Correlation Between Citic Telecom and GAMESTOP
Can any of the company-specific risk be diversified away by investing in both Citic Telecom and GAMESTOP at the same time? Although using a correlation coefficient on its own may not help to predict future stock returns, this module helps to understand the diversifiable risk of combining Citic Telecom and GAMESTOP into the same portfolio, which is an essential part of the fundamental portfolio management process.
By analyzing existing cross correlation between Citic Telecom International and GAMESTOP, you can compare the effects of market volatilities on Citic Telecom and GAMESTOP and check how they will diversify away market risk if combined in the same portfolio for a given time horizon. You can also utilize pair trading strategies of matching a long position in Citic Telecom with a short position of GAMESTOP. Check out your portfolio center. Please also check ongoing floating volatility patterns of Citic Telecom and GAMESTOP.
Diversification Opportunities for Citic Telecom and GAMESTOP
0.55 | Correlation Coefficient |
Very weak diversification
The 3 months correlation between Citic and GAMESTOP is 0.55. Overlapping area represents the amount of risk that can be diversified away by holding Citic Telecom International and GAMESTOP in the same portfolio, assuming nothing else is changed. The correlation between historical prices or returns on GAMESTOP and Citic Telecom is a relative statistical measure of the degree to which these equity instruments tend to move together. The correlation coefficient measures the extent to which returns on Citic Telecom International are associated (or correlated) with GAMESTOP. Values of the correlation coefficient range from -1 to +1, where. The correlation of zero (0) is possible when the price movement of GAMESTOP has no effect on the direction of Citic Telecom i.e., Citic Telecom and GAMESTOP go up and down completely randomly.
Pair Corralation between Citic Telecom and GAMESTOP
Assuming the 90 days trading horizon Citic Telecom is expected to generate 93.18 times less return on investment than GAMESTOP. But when comparing it to its historical volatility, Citic Telecom International is 3.15 times less risky than GAMESTOP. It trades about 0.01 of its potential returns per unit of risk.

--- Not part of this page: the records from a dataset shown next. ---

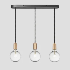 Sleek Edison Cord Set ES E27 Bulb Holder – Brass Ring & Fabric Flex – 2m – Without Ceiling Rose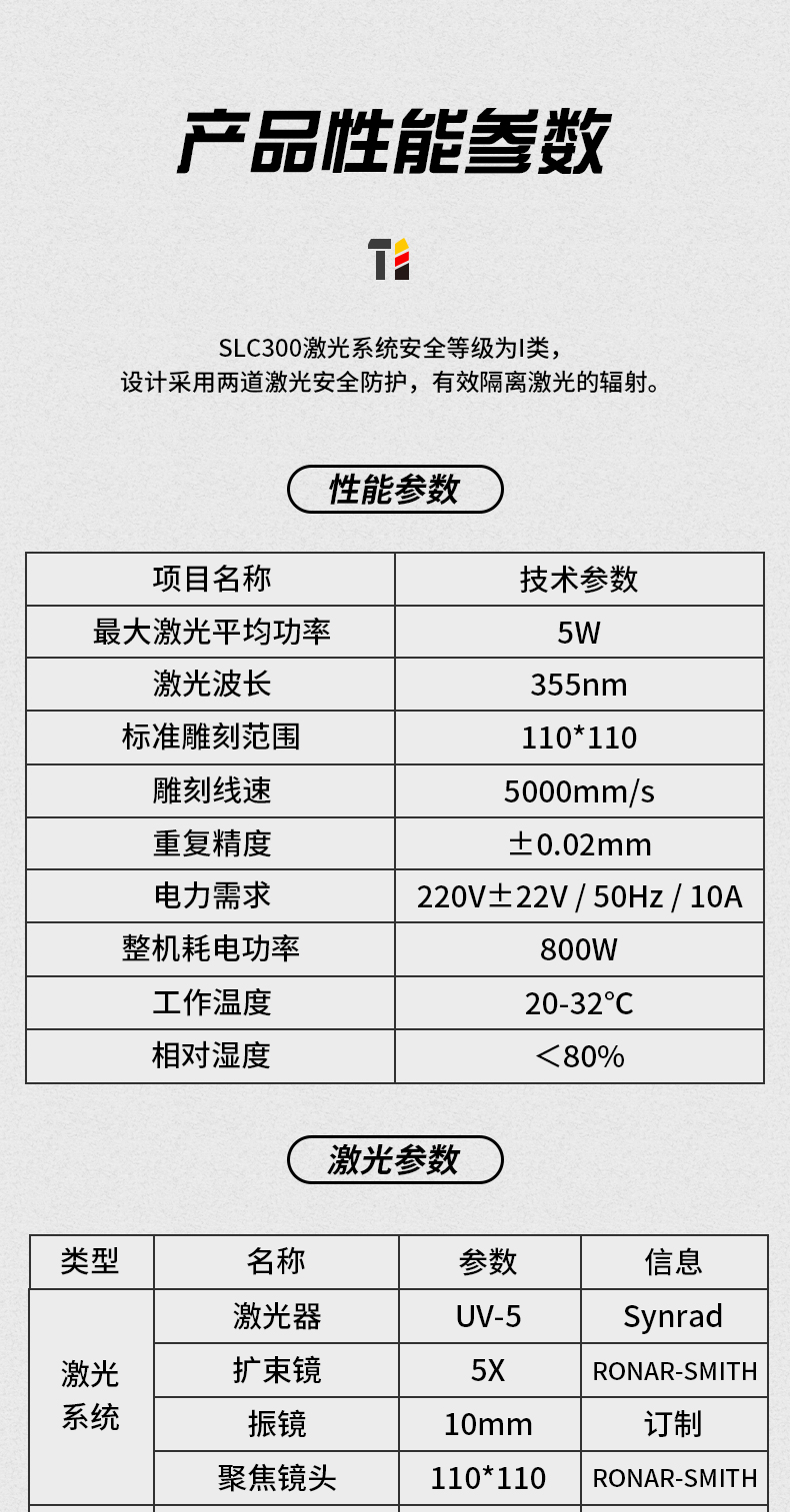 SLC300激光系統安全等級為I類,設計采用兩道激光安全防護,有效隔離激光的輻射。在激光加工過程中無需在進行特殊的防護措施。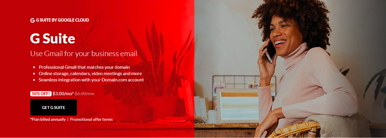 Join more than 5 million users that use Gmail, Docs, Drive, and Calendar for their business. With G Suite through Domain.com, you get one package that works seamlessly from your computer, phone or tablet.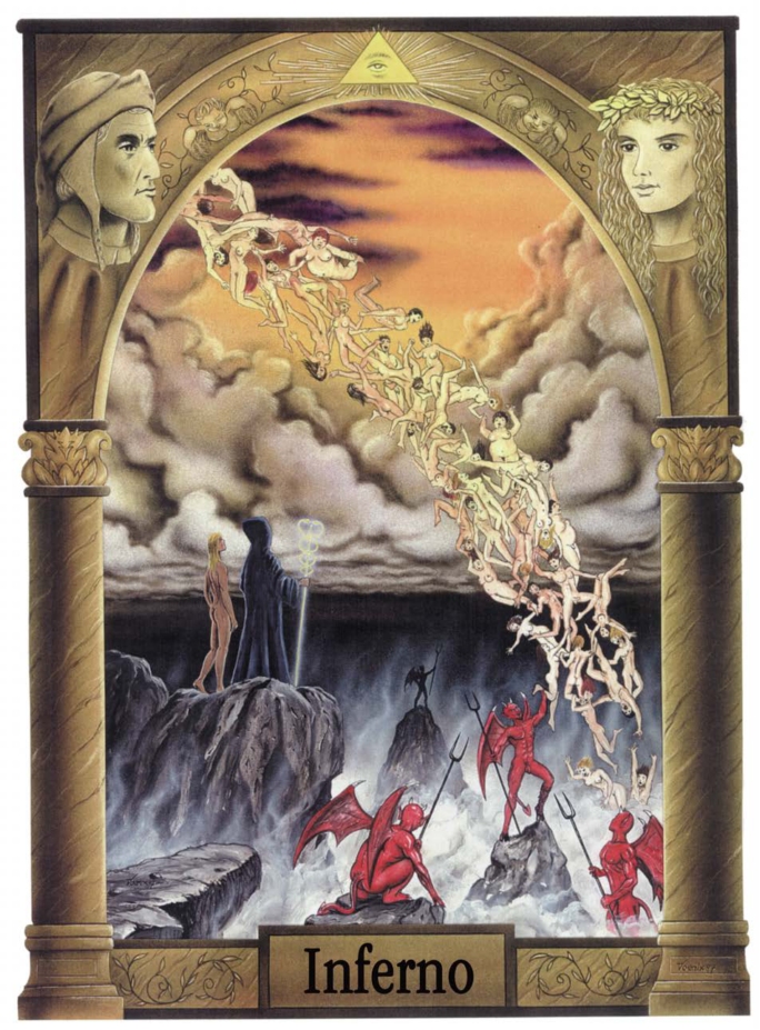 In dieser Hölle fühlst du dich in den Träumen der Ewigkeit gefangen, denn die Fische lassen das Interesse für das Ewige aufscheinen, während Saturn das Gefäß zur Aufnahme und Begrenzung dieses Ewigen darstellt. Doch dem saturnischen Bestreben, auf dem schwimmenden Boden der fischehaften Ebene eine konkrete Wirklichkeit zu errichten, ist kaum Erfolg beschieden, da sich letztere allem Sichtbaren entzieht, aus Angst, banal und faßbar zu werden, sobald sie Eigenart verkörpert oder konkrete Stellungnahme bezieht. Denn diese Hölle repräsentiert den unerlösten «Erlöser», der die Spiritualität, die er verfehlt, wenigstens als Bild in seinem persönlichen Erleben inszeniert. Da er seine eigene innere Leere damit verdrängt, schafft er ihr zumindest ein geeignetes Gefühlsreservat. Es ist dies das Träumen im Entschweben. Du entziehst deine Seele dem Alltag des Lebens, um allein und einsam in deinen Träumen die eigene Ewigkeit zu leben. Doch diese Flucht hat ihren Preis. Deine inneren Wünsche werden in die Sümpfe der Illusionen abgeschoben. Als Bilder der Sehnsucht müssen sie warten, bis ein Vorübergehender sie mit seinen Tränen erlöst.

GAMESTOP is currently generating about 0.18 of returns per unit of risk over similar time horizon. If you would invest 2,718 in GAMESTOP on October 6, 2024 and sell it today you would earn a total of 317.00 from holding GAMESTOP or generate 11.66% return on investment over 90 days.
Time Period | 3 Months [change] |
Direction | Moves Together |
Strength | Weak |
Accuracy | 100.0% |
Values | Daily Returns |
Citic Telecom International vs. GAMESTOP
Performance |
Timeline |
Citic Telecom Intern |
GAMESTOP |
Citic Telecom and GAMESTOP Volatility Contrast
Predicted Return Density |
Returns |
Pair Trading with Citic Telecom and GAMESTOP
The main advantage of trading using opposite Citic Telecom and GAMESTOP positions is that it hedges away some unsystematic risk. Because of two separate transactions, even if Citic Telecom position performs unexpectedly, GAMESTOP can make up some of the losses. Pair trading also minimizes risk from directional movements in the market. For example, if an entire industry or sector drops because of unexpected headlines, the short position in GAMESTOP will offset losses from the drop in GAMESTOP's long position.Citic Telecom vs. Apple Inc | Citic Telecom vs. Apple Inc | Citic Telecom vs. Apple Inc | Citic Telecom vs. Apple Inc |
Check out your portfolio center.Note that this page's information should be used as a complementary analysis to find the right mix of equity instruments to add to your existing portfolios or create a brand new portfolio. You can also try the Portfolio Holdings module to check your current holdings and cash postion to detemine if your portfolio needs rebalancing.